- **Task directions**
From the entries below, reproduce exactly the line containing "炭黑N642的理化分析結果見", the line containing "잘 보인다. 김찬수 |", and every line in between, with nothing added.

- **Provided entries**
═══

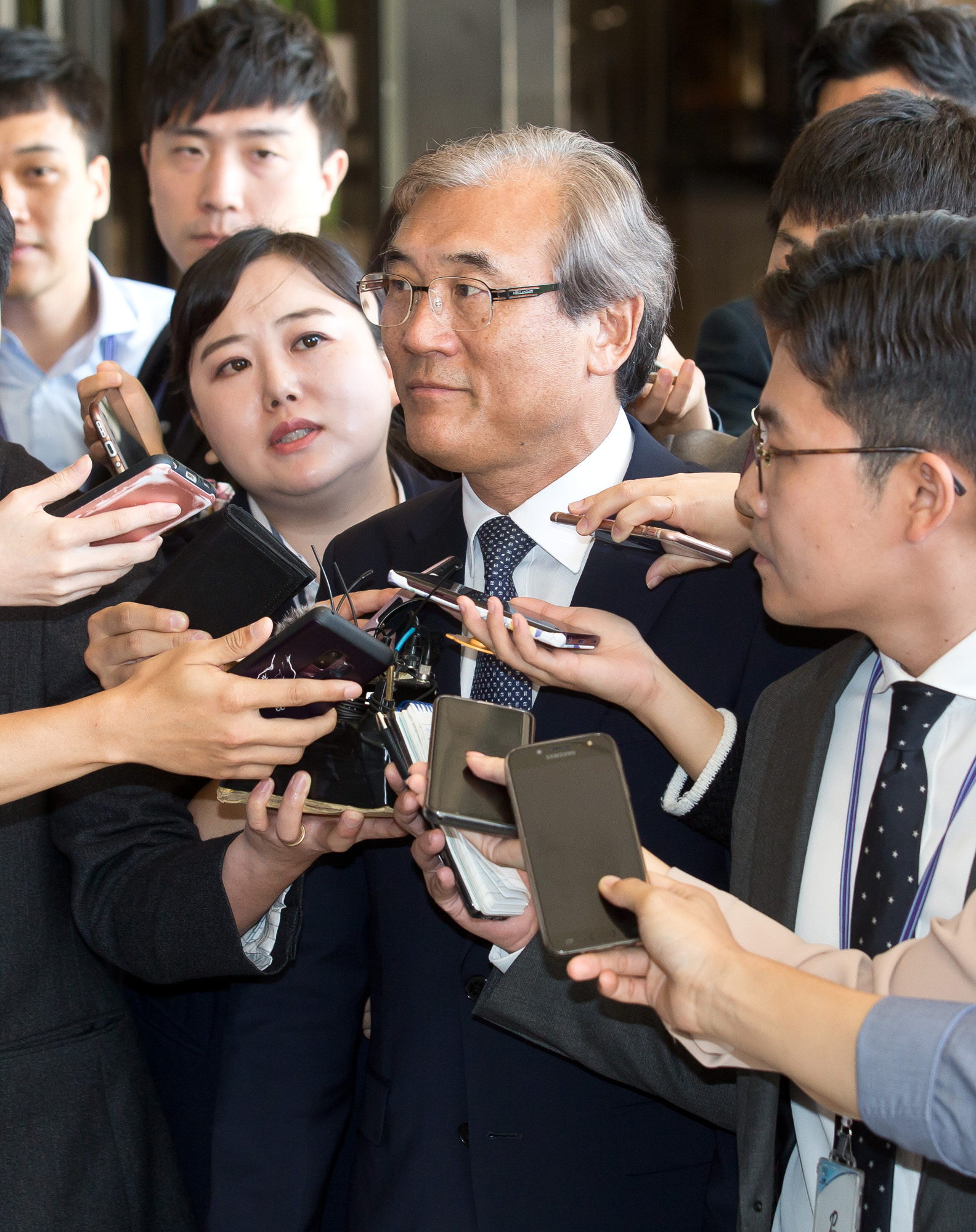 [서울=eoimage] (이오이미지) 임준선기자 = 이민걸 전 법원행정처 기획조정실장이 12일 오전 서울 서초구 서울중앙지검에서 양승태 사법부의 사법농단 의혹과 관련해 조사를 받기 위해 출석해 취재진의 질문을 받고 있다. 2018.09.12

═══

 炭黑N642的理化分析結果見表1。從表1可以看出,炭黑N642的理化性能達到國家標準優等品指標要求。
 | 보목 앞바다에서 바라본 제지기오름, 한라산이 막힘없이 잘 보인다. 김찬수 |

═══

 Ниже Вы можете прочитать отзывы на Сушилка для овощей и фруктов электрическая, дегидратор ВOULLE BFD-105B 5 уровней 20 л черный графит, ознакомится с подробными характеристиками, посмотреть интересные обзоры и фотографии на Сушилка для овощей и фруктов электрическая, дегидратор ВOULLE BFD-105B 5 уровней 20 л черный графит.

═══

- **Solution for this exercise**
 炭黑N642的理化分析結果見表1。從表1可以看出,炭黑N642的理化性能達到國家標準優等品指標要求。
 | 보목 앞바다에서 바라본 제지기오름, 한라산이 막힘없이 잘 보인다. 김찬수 |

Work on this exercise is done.